The present Hierarchy of the Church is: His Beatitude Moran Mor Baselios Cleemis – Major Archbishop-Catholicos of the Syro-Malankara Catholic Church and Major Archbishop-Metropolitan of the Province of Trivandrum, His Grace Most Rev. Thomas Mar Koorilos, Archbishop-Metropolitan of Tiruvalla, His Excellency Most Rev. Geevarghese Mar Divannasios, Metropolitan of Puthur, His Excellency Most Rev. Yoohanon Mar Chrysostom, Metropolitan of Pathanamthitta, His Excellency Most Rev. Joshua Mar Ignathios, Metropolitan of Mavelikara, His Excellency Most Rev. Geevarghese Mar Timotheos, Metropolitan Emeritus of Tiruvalla, His Excellency Most Rev. Joseph Mar Thomas, Metropolitan of Bathery, His Excellency Most Rev. Abraham Mar Julios, Metropolitan of Muvattupuzha, His Excellency Most Rev. Vincent Mar Paulos, Metropolitan of Marthandam, His Excellency Most Rev. Thomas Mar Anthonios, Bishop of the Curia, His Excellency Most Rev. Samuel Mar Irenios, Auxiliary Bishop of Trivandrum, His Excellency Most Rev. Philipose Mar Stephanos, Auxiliary Bishop of Tiruvalla, Thomas Mar Eusebius Esarch of America and Apostolic Visitator to North America and Europe and His Excellency Most Rev. Jacob Mar Barnabas, Bishop and Apostolic Visitator to the Syro-Malankara Catholics India outside the territorium proprium.

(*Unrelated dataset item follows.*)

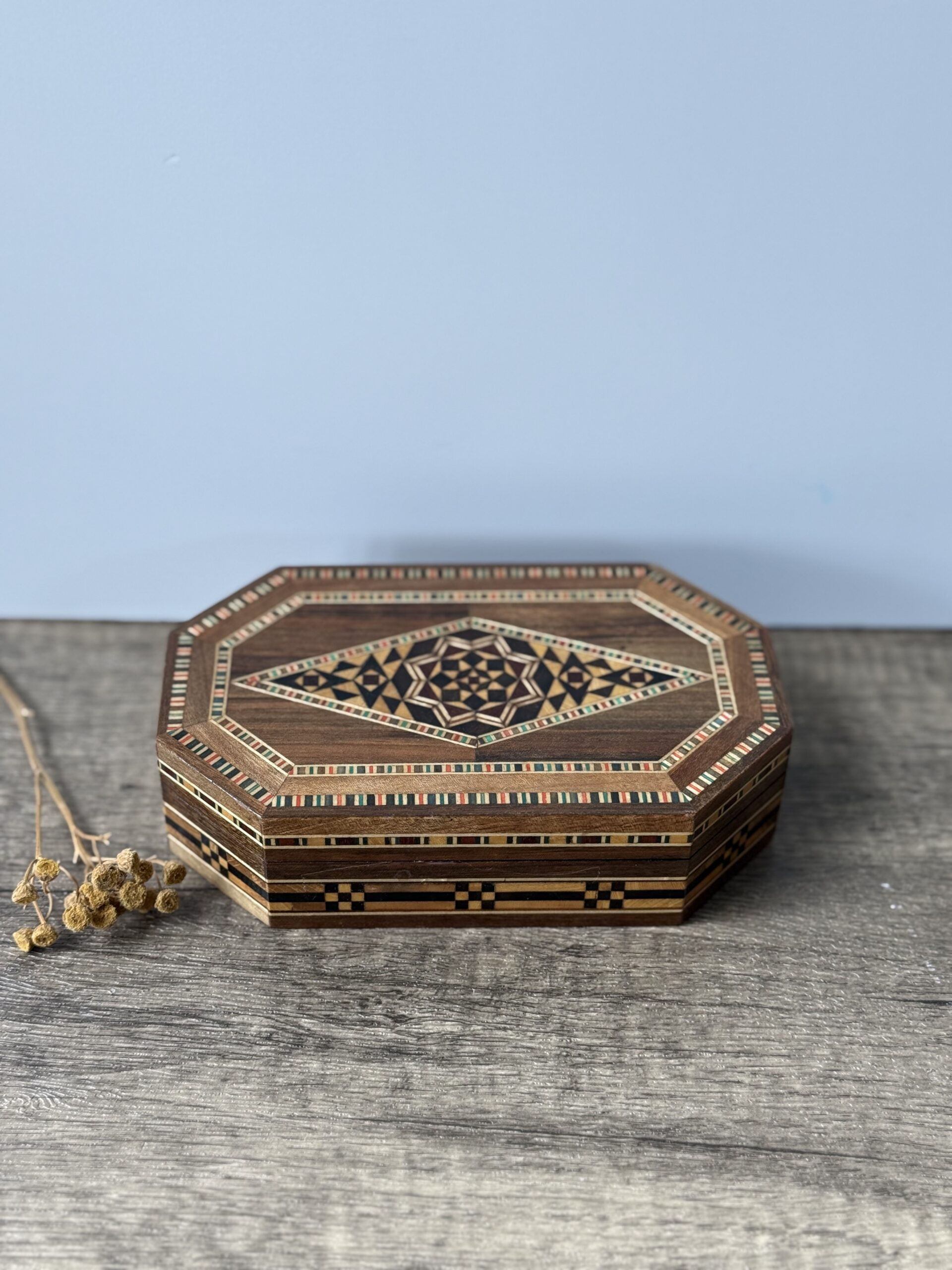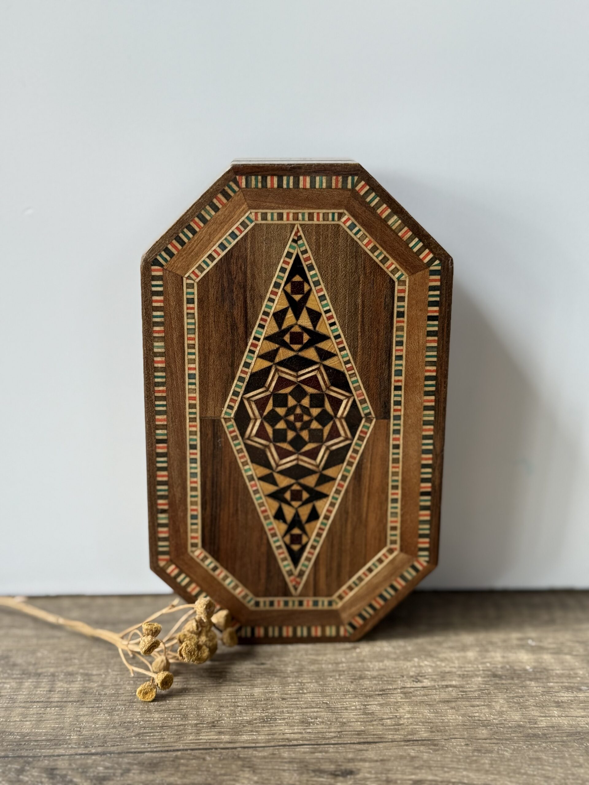 Beautiful mosaic inlay wood box is perfect for holding your trinkets or jewelry. Also would be great just as decor because of how beautiful it is!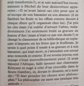 L’auteur restitue merveilleusement l’insouciance et l’insolence de la jeunesse, et ces années de grâce autour de Michel Foucault, devenu une sorte de deuxième père, dans ce grand appartement, personnage à part entière du livre, « squatté » entre amis dès que Michel Foucault, toujours indulgent et bienveillant pour ses jeunes amis, voyageait.

The greatest achievement of the Church is its autonomous (sui iuris) growth in the communion of the Catholic Church with its own liturgical, theological, spiritual and disciplinary patrimony rooted in the culture and history of India. The leadership and contribution of the Church in the socio-political fabric of India is immense and well recognized.